Bug 876942

Summary: Race condition adding multiple SSH keys to gears
Product: OKD Reporter: Meng Bo <bmeng>
Component: ContainersAssignee: Rob Millner <rmillner>
Status: CLOSED CURRENTRELEASE QA Contact: libra bugs <libra-bugs>
Severity: high Docs Contact:
Priority: high    
Version: 2.xCC: jhou, mfisher, ramr
Target Milestone: ---   
Target Release: ---   
Hardware: Unspecified   
OS: Unspecified   
Whiteboard:
Fixed In Version: Doc Type: Bug Fix
Doc Text:
Story Points: ---
Clone Of:
: 892781 (view as bug list) Environment:
Last Closed: 2012-12-19 19:26:25 UTC Type: Bug
Regression: --- Mount Type: ---
Documentation: --- CRM:
Verified Versions: Category: ---
oVirt Team: --- RHEL 7.3 requirements from Atomic Host:
Cloudforms Team: --- Target Upstream Version:
Embargoed:
Bug Depends On:    
Bug Blocks: 892781    
Attachments:
Description Flags
output of git push
none
mcollective_log_during_add_db none

Description Meng Bo 2012-11-15 10:47:42 UTC
Description of problem:
Create scalable app on devenv-stage_249, upgrade instance to devenv_2475.
Embedded db to the existing scalable app, and try to change the repo and git push.
The new embedded db failed to restart during git push.

Version-Release number of selected component (if applicable):
From devenv-stage_249 to devenv_2475

How reproducible:
always

Steps to Reproduce:
1.Create scalable app on devenv-stage_249
2.Upgrade the instance to devenv_2475
3.Add new db to the existing app
4.Do some change and git push
  
Actual results:
Following error appears during git push.

remote: Failed to start postgresql-8.4

Expected results:
Database should be started successfully during git push.

Additional info:
The db can be start and restart from CLI successfully.

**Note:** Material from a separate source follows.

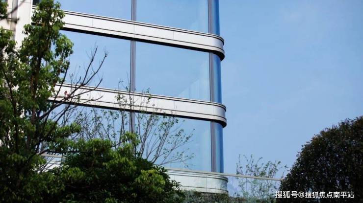 采用大面宽玻璃幕墙搭配金属铝板线条,超高窗墙比设计,不吝用料和成本,隔绝喧嚣。

[root@F17x64-openshift py1s]# rhc cartridge status postgresql-8.4 -p123

RESULT:
PostgreSQL server instance is running

[root@F17x64-openshift py1s]# rhc cartridge restart postgresql-8.4 -p123

RESULT:
postgresql-8.4 restarted!

Comment 1 Jianwei Hou 2012-11-15 11:21:25 UTC
This seems fine on INT, didn't reproduce on INT(devenv_2474)

Comment 2 Rob Millner 2012-11-16 00:08:16 UTC
I can't reproduce this with the devenv_2480 package set.

Launched devenv-stage_249, created a scalable php app, upgraded to devenv_2480 and rebooted.

Added postgresl, and it went into a running state.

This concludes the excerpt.